# Brandungangeln und die Bremse ...



## d-tour (7. Januar 2012)

Moin Moin ....

ich habe da mal eine blöde Frage 

Neben dem Spinnfischen betreibe ich des öfteren seit ca. einem Jahr Brandungsangeln.
Eines ist mir dabei aber noch nicht ganz klar und nun kommts .....

Nachdem ich die Rute ausgeworfen habe und in den Rutenhalter gelegt habe, bleibt da die Bremse An oder Aus ?

Ich habe sie bisher immer An gehabt aber noch so das ich Schnur abziehen kann. Bin mir aber nicht sicher wie man es richtig machen sollte daher die Frage 

Steinigt mich bitte nicht.....

Mit besten Grüßen.

Marco


----------



## Rosi (7. Januar 2012)

*AW: Brandungangeln und die Bremse ...*

Moin, die Bremse bleibt zu. Sonst rollt das Blei mit den Wellen irgendwo an den Strand. 

Warum muß die Rute so steil stehen? Weil die Schnur im spitzen Winkel ins Wasser trifft. So bietet sie den Wellen den geringsten Widerstand. Unten am Grund liegt das Blei und hält diese Position. Bei geöffneter Bremse funktioniert das nicht. 

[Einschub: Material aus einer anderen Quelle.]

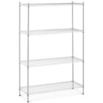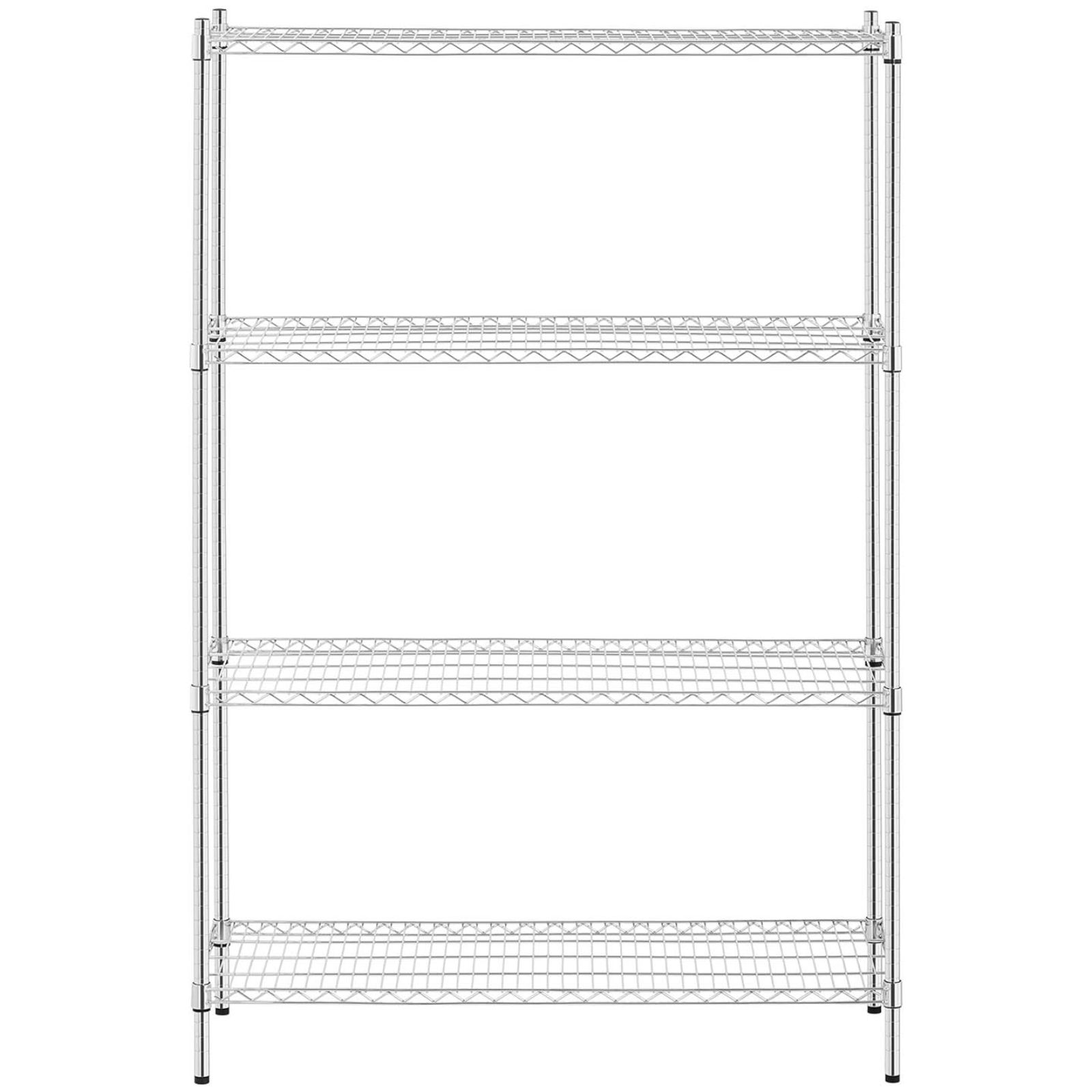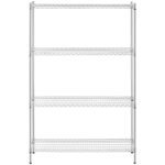 Regał druciany posiada 4 półki o rozmiarach 1200 x 450 mm a każda z nich jest w stanie wytrzymać obciążenie do 250 kg. Solidne słupki o wysokości 180 cm i średnicy 25 mm zapewniają całości stabilność. Nóżki są regulowane, dzięki czemu można ustawić regał nawet na nierównym podłożu. Konstrukcję wykonano z trwałej i estetycznej stali węglowej co zapewnia wieloletnie użytkowanie. Chromowane wykończenie sprawdzi się w suchych i ogrzewanych pomieszczeniach. Otwarte półki umożliwiają dojście do regału z każdej strony. Montaż mebla jest łatwy a niezbędne akcesoria dostarczone są w komplecie.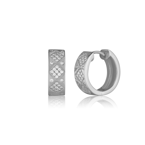 VLASTNOSTI Typ náušnic: kruhy Materiál: rhodiované stříbro Barva: čirá Barva: stříbrná Ryzost: Ag 925/1000 Typ zapínání náušnic: kloub - kruhy Osazení: zirkon Povrchová úprava: bez povrchové úpravy šířka: 6 mm výška: 16 mm hloubka: 17 mm

Auch wenn das Blei zu leicht ist, funktioniert es nicht, dann rollt es weg und die Schnur wird lasch. Erstens siehst du dann keine Biße mehr, zweitens rollt das Blei mit den Wellen irgendwo weit hinten an den Strand. Du kannst dann die Schnur aus dem Kraut pulen. 

Also immer Bremse zu.

Es sei denn du gehst bei Ententeich auf Aal, und stellst die Rute in den Rodpot oder wie das Ding heißt. Dann kannst du auch einen Bißanzeiger anbringen. Blos bei Wellen funtioniert das nicht.


----------



## d-tour (7. Januar 2012)

*AW: Brandungangeln und die Bremse ...*

Besten Dank Rosi ....

Dann habe ich es ja richtig gemacht 
Dann kann ich ja morgen so weiter machen wie bisher.

Gruß

Marco


----------



## prime caster 01 (8. Januar 2012)

*AW: Brandungangeln und die Bremse ...*

hallo ich habe brandugns rollen die keine bremse haben und auch kein rucklauf  

    meine meinug gewicht sparen bremse und rücklauf brauch man nicht 


gruss tom


----------



## burhave (8. Januar 2012)

*AW: Brandungangeln und die Bremse ...*



prime caster 01 schrieb:


> hallo ich habe brandugns rollen die keine bremse haben und auch kein rucklauf
> 
> meine meinug gewicht sparen bremse und rücklauf brauch man nicht
> 
> ...



Manche Buchstaben braucht man auch nicht oder auch Wörter. Spart zeit beim schreiben...
( Meiner meinung nach xD )


----------



## prime caster 01 (8. Januar 2012)

*AW: Brandungangeln und die Bremse ...*

ja tastatur hat is sun bischin kaputt hi


----------



## burhave (8. Januar 2012)

*AW: Brandungangeln und die Bremse ...*

Ein bisschen SEHR kaputt


----------



## degl (8. Januar 2012)

*AW: Brandungangeln und die Bremse ...*

Also Bremse an oder aus........erinnert ich eher ans Karpfenfischen(Freilaufmäßig)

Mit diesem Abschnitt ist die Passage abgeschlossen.